Drug Repurposing for COVID-19 Treatment by Integrating Network Pharmacology and Transcriptomics

Pharmaceutics 2021, 13(4), 545; https://doi.org/10.3390/pharmaceutics13040545
by Dan-Yang Liu 1, Jia-Chen Liu 2, Shuang Liang 2, Xiang-He Meng 2, Jonathan Greenbaum 3, Hong-Mei Xiao 2, Li-Jun Tan 1,* and Hong-Wen Deng 1,2,3,*
Reviewer 1: Anonymous
Pharmaceutics 2021, 13(4), 545; https://doi.org/10.3390/pharmaceutics13040545
Submission received: 10 February 2021 / Revised: 25 March 2021 / Accepted: 26 March 2021 / Published: 14 April 2021
(This article belongs to the Special Issue In Silico Strategies for Prospective Drug Repositionings)

Round 1

Reviewer 1 Report

The authors present a robust and straightforward strategy to evaluate drug and drug combo candidates for diseases, specifically for COVID in this manuscript. The authors leveraged the protein-protein interaction network as the background network to then evaluate covid-related genes (acquired from recent single cell covid studies) and their overlap/distance with drug-target subnetworks. This allowed for a quantitative strategy to prioritize drug combination candidates using data-driven (drug-target) and knowledge base driven (ppi) resources, which could be applied to any drug combo/subnetwork combo application. This manuscript is aptly suited for general interest of the broad readership and is deserving of publication after addressing the following comments:

Methods:

Section 2.1: After the first sentence, it is essential to add a bit more detail as to how the covid-19 DE gene list was assembled from this recent scRNAseq publication (GSE150728). Did you combine all cell-specific DE tables from their supplementary tables and use all unique genes to get the ~1000 genes? If so, please the specific supplementary tables/info that was used from this publication to assemble the list. It may also be worth mentioning in the methods how many genes came from each cell type and what cell types were included.

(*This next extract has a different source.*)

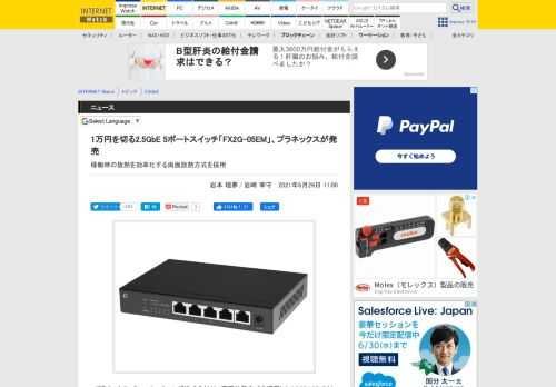 1万円を切る2.5GbE 5ポートスイッチ「FX2G-05EM」、プラネックスが発売 - INTERNET Watch

If it was generated de novo, it would be required to add your scRNAseq analysis method to this section.

Results

Section 3.3: After GSEA analysis, there only remained 18 drugs that passed the filtering criteria. It would be interesting to analyze the specific covid genes that were enriched in those 18 drugs gene lists, considering many of the setSizes (column D of Supp Table 4) are small. Specifically, please report how many total unique genes of the 800+ covid19 genes were enriched in all of the 18 drugs. For example, this could help answer if it is the same 20-50 genes that always show up that are involved in many different processes, and may allude to a common process. Also, it'd be worth reporting this same number for all drugs or the drugs that aren't significant at the given threshold. This would help provide a view of the general potentail of how many covid19 genes could be enriched. 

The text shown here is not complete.